IE 11 is not supported. For an optimal experience visit our site on another browser.
Joe Manchin at the U.S. Capitol
Joe Manchin at the U.S. Capitol, on June 22, 2022. Francis Chung / POLITICO via AP Images

Eyes on 2024: Manchin versus the White House

Sen. Joe Manchin, D-W.Va., has not yet announced if he's running for re-election, but he's clashed recently with the White House.

By and

As Sen. Joe Manchin, D-W.Va., remains mum on whether he’ll run for re-election in an overwhelmingly Republican-leaning state, he’s had three separate, high-profile disagreements with the Democratic White House this month alone. 

The most recent example came on Wednesday, when he announced he would vote against the administration’s pick to lead the Internal Revenue Service over his disagreements with the administration. 

“At every turn, this Administration has ignored Congressional intent when implementing the Inflation Reduction Act,” Manchin said in a statement. “While Daniel Werfel is supremely qualified to serve as the IRS Commissioner, I have zero faith he will be given the autonomy to perform the job in accordance with the law and for that reason, I cannot support his nomination.”

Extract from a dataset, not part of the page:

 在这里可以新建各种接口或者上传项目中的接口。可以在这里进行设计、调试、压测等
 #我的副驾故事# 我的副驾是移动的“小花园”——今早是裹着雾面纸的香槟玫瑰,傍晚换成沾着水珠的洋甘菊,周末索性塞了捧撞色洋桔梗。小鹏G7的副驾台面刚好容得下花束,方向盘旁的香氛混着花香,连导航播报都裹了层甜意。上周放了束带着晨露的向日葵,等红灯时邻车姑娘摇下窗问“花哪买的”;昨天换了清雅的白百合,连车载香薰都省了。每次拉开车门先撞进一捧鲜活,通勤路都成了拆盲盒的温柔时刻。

The statement came days after Manchin announced he’d vote against Gigi Sohn’s nomination to the Federal Communications Commission, calling on the White House to “put forth a nominee who can bring us together, not drive us apart.” (Sohn withdrew her nomination hours later.)

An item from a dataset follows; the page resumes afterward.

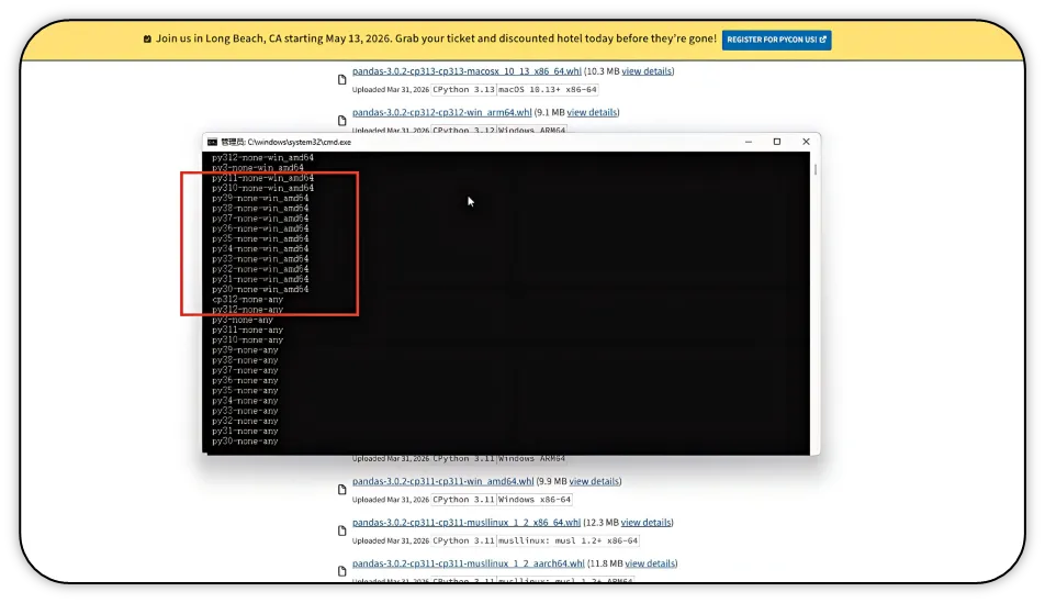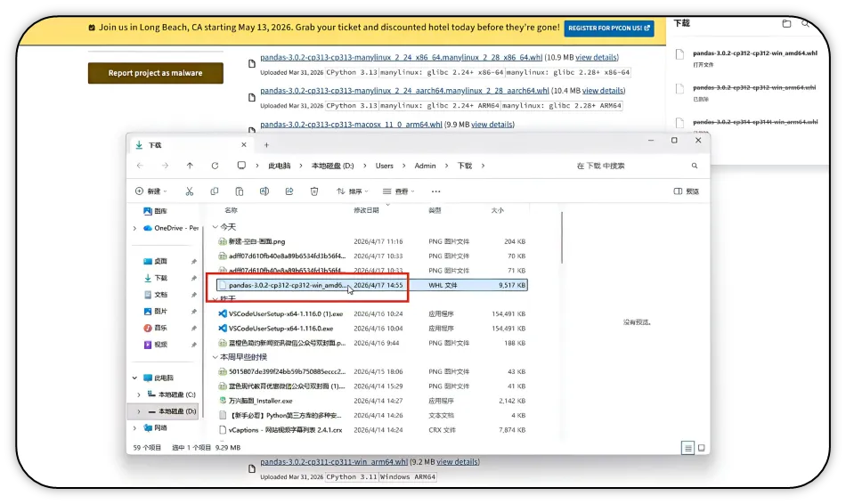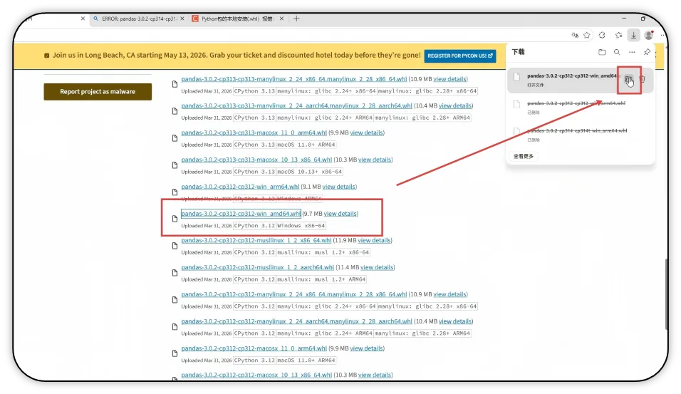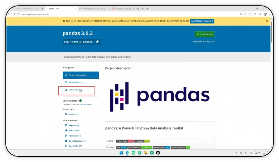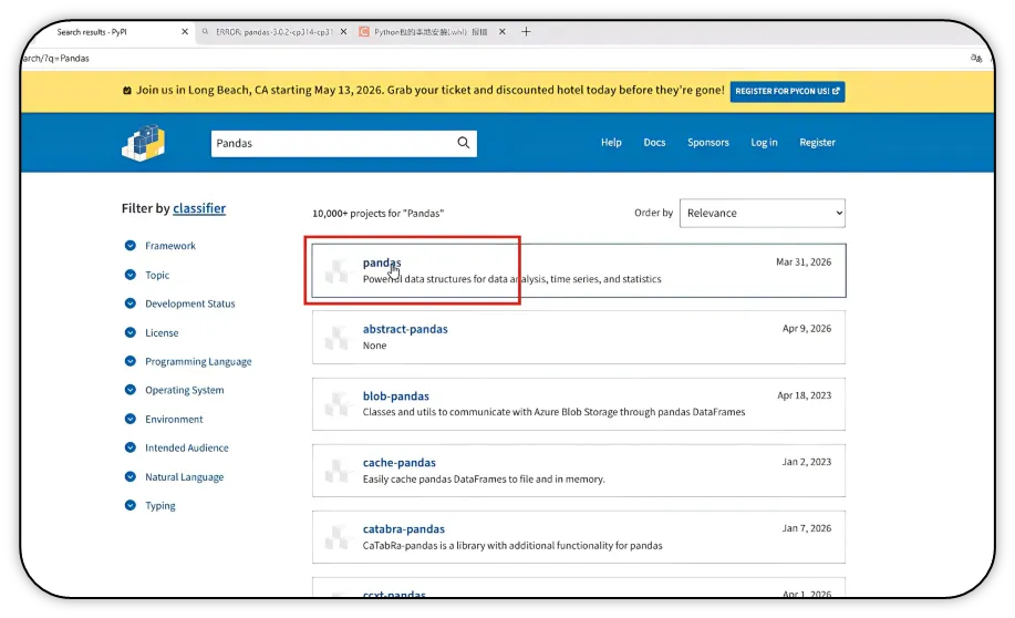 3)在搜索结果中选择对应的 Pandas 库,点击进入详情页。

And just days prior, Manchin blasted an internal memo from the Department of the Interior that appears to have been posted accidentally, leading the senator to say that “this Administration continues to ignore Congressional intent and instead panders to environmental groups at the expense of shoring up American energy security and keeping Americans safe.”

While Manchin’s electoral plans may still be opaque, the message he’s been sending to the administration this month is anything but.  

In other campaign news…

Inching toward a run: Sen. Tim Scott, R-S.C., has started hiring staff for a potential presidential run, although he hasn’t decided if he’s definitely jumping into the race, per The State. 

DeSantis the governor: The Washington Post delves into Florida GOP Gov. Ron DeSantis’ “broad embrace of the often coercive power of the government to push back on the private decisions of corporations, banks, academies of higher learning and the national media.” 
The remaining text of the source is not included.